Data provided |
# # #

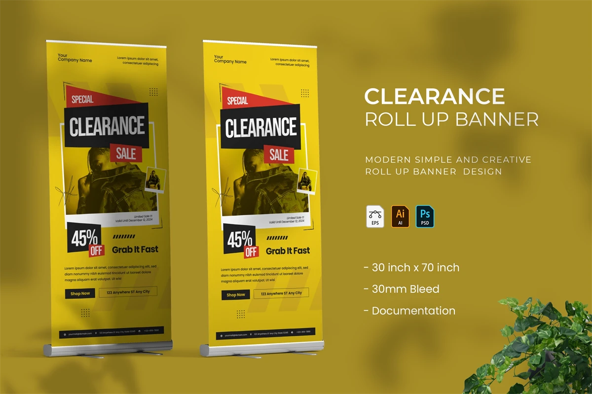 Roll-Up Banner Template: This is the best way to sell more furniture if you are selling it. With this beautiful roll-up banner, you can beat out your competitors and make your sales area look better. When you want to make an impression, its very important that your banner stand has the right design and information. Bring your project to the next level and see what can be done.
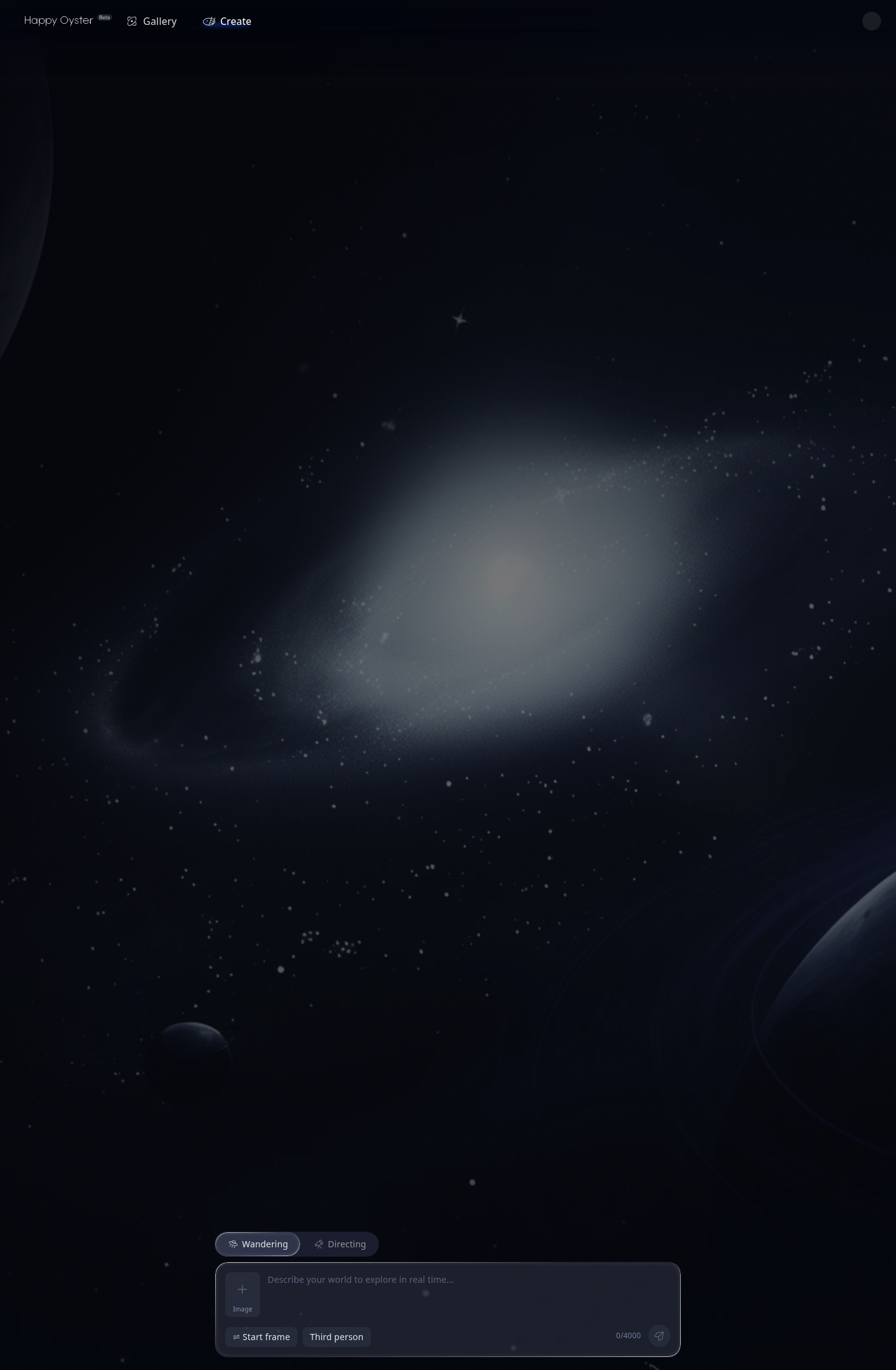Once the gate is cleared, the create surface becomes available. That is where most first-time users make their second mistake: they assume the tool wants a generic AI video prompt. It does not. Happy Oyster is much more sensitive to whether you are trying to discover a world or direct a scene inside one.
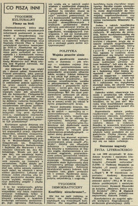 Archiwum / Co piszą inni nr 1766 (06/1979) 05/41 Podziel się Tytuł Co piszą inni Rubryka Co piszą inni Artykuł z numeru 1766 (6/1979) Data wydania 11 lutego 1979 Tagi Tygodnik Kulturalny Polityka Tygodnik Demokratyczny Życie Literackie
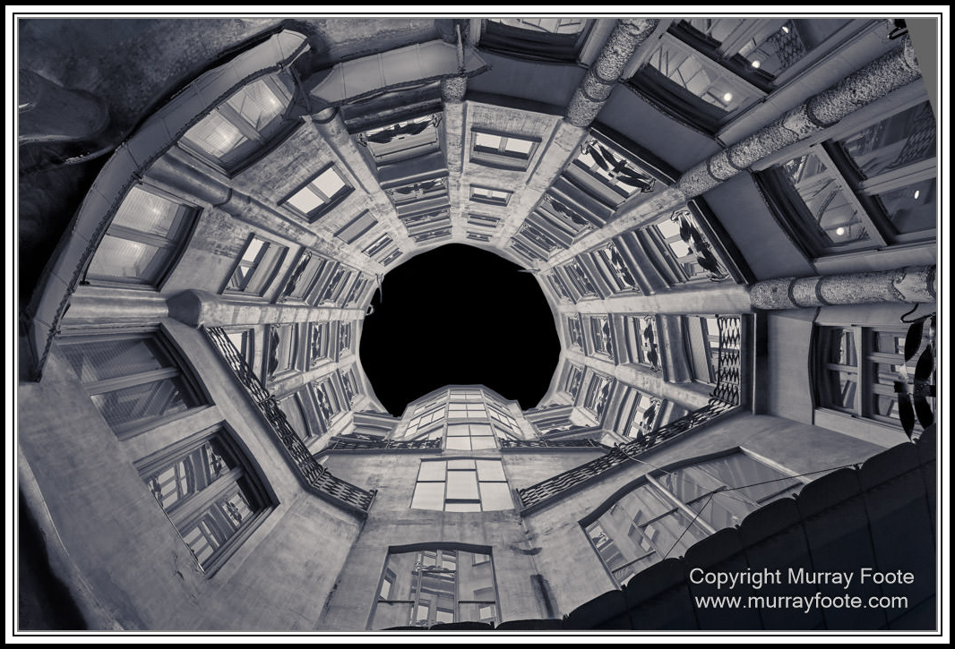 Looking up in the elliptical atrium, providing light and ventilation to the apartments.

# # #

What to do | Omit the pictures and print the listing exactly.

Solution to this task |
 Roll-Up Banner Template: This is the best way to sell more furniture if you are selling it. With this beautiful roll-up banner, you can beat out your competitors and make your sales area look better. When you want to make an impression, its very important that your banner stand has the right design and information. Bring your project to the next level and see what can be done.
Once the gate is cleared, the create surface becomes available. That is where most first-time users make their second mistake: they assume the tool wants a generic AI video prompt. It does not. Happy Oyster is much more sensitive to whether you are trying to discover a world or direct a scene inside one.
 Archiwum / Co piszą inni nr 1766 (06/1979) 05/41 Podziel się Tytuł Co piszą inni Rubryka Co piszą inni Artykuł z numeru 1766 (6/1979) Data wydania 11 lutego 1979 Tagi Tygodnik Kulturalny Polityka Tygodnik Demokratyczny Życie Literackie
 Looking up in the elliptical atrium, providing light and ventilation to the apartments.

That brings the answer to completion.